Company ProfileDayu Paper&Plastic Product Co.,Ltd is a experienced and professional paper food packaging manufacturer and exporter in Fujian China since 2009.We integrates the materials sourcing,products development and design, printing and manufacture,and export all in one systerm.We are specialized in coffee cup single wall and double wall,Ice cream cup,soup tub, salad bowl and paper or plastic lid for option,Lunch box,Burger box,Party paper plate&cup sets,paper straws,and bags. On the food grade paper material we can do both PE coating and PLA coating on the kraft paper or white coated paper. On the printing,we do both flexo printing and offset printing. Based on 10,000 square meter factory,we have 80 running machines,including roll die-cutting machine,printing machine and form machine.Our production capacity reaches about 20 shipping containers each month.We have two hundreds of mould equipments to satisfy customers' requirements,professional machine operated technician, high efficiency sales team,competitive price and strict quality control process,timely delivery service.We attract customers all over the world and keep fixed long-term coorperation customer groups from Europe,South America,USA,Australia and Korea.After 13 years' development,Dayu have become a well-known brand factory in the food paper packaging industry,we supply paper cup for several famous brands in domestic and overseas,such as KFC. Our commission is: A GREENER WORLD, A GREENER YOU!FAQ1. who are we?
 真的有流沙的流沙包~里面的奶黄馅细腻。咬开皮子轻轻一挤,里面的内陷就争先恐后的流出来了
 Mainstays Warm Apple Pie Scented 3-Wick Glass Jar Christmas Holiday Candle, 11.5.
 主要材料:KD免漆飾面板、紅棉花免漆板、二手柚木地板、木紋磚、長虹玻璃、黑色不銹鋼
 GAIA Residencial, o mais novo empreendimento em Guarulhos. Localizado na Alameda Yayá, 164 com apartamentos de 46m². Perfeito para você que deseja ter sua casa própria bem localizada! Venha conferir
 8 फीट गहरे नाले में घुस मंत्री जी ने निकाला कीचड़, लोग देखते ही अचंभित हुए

· · · · ·

#### EXERCISE GOAL:
Your answer must be the full listing, copied exactly.

#### RESPONSE AREA:
Company ProfileDayu Paper&Plastic Product Co.,Ltd is a experienced and professional paper food packaging manufacturer and exporter in Fujian China since 2009.We integrates the materials sourcing,products development and design, printing and manufacture,and export all in one systerm.We are specialized in coffee cup single wall and double wall,Ice cream cup,soup tub, salad bowl and paper or plastic lid for option,Lunch box,Burger box,Party paper plate&cup sets,paper straws,and bags. On the food grade paper material we can do both PE coating and PLA coating on the kraft paper or white coated paper. On the printing,we do both flexo printing and offset printing. Based on 10,000 square meter factory,we have 80 running machines,including roll die-cutting machine,printing machine and form machine.Our production capacity reaches about 20 shipping containers each month.We have two hundreds of mould equipments to satisfy customers' requirements,professional machine operated technician, high efficiency sales team,competitive price and strict quality control process,timely delivery service.We attract customers all over the world and keep fixed long-term coorperation customer groups from Europe,South America,USA,Australia and Korea.After 13 years' development,Dayu have become a well-known brand factory in the food paper packaging industry,we supply paper cup for several famous brands in domestic and overseas,such as KFC. Our commission is: A GREENER WORLD, A GREENER YOU!FAQ1. who are we?
 真的有流沙的流沙包~里面的奶黄馅细腻。咬开皮子轻轻一挤,里面的内陷就争先恐后的流出来了
 Mainstays Warm Apple Pie Scented 3-Wick Glass Jar Christmas Holiday Candle, 11.5.
 主要材料:KD免漆飾面板、紅棉花免漆板、二手柚木地板、木紋磚、長虹玻璃、黑色不銹鋼
 GAIA Residencial, o mais novo empreendimento em Guarulhos. Localizado na Alameda Yayá, 164 com apartamentos de 46m². Perfeito para você que deseja ter sua casa própria bem localizada! Venha conferir
 8 फीट गहरे नाले में घुस मंत्री जी ने निकाला कीचड़, लोग देखते ही अचंभित हुए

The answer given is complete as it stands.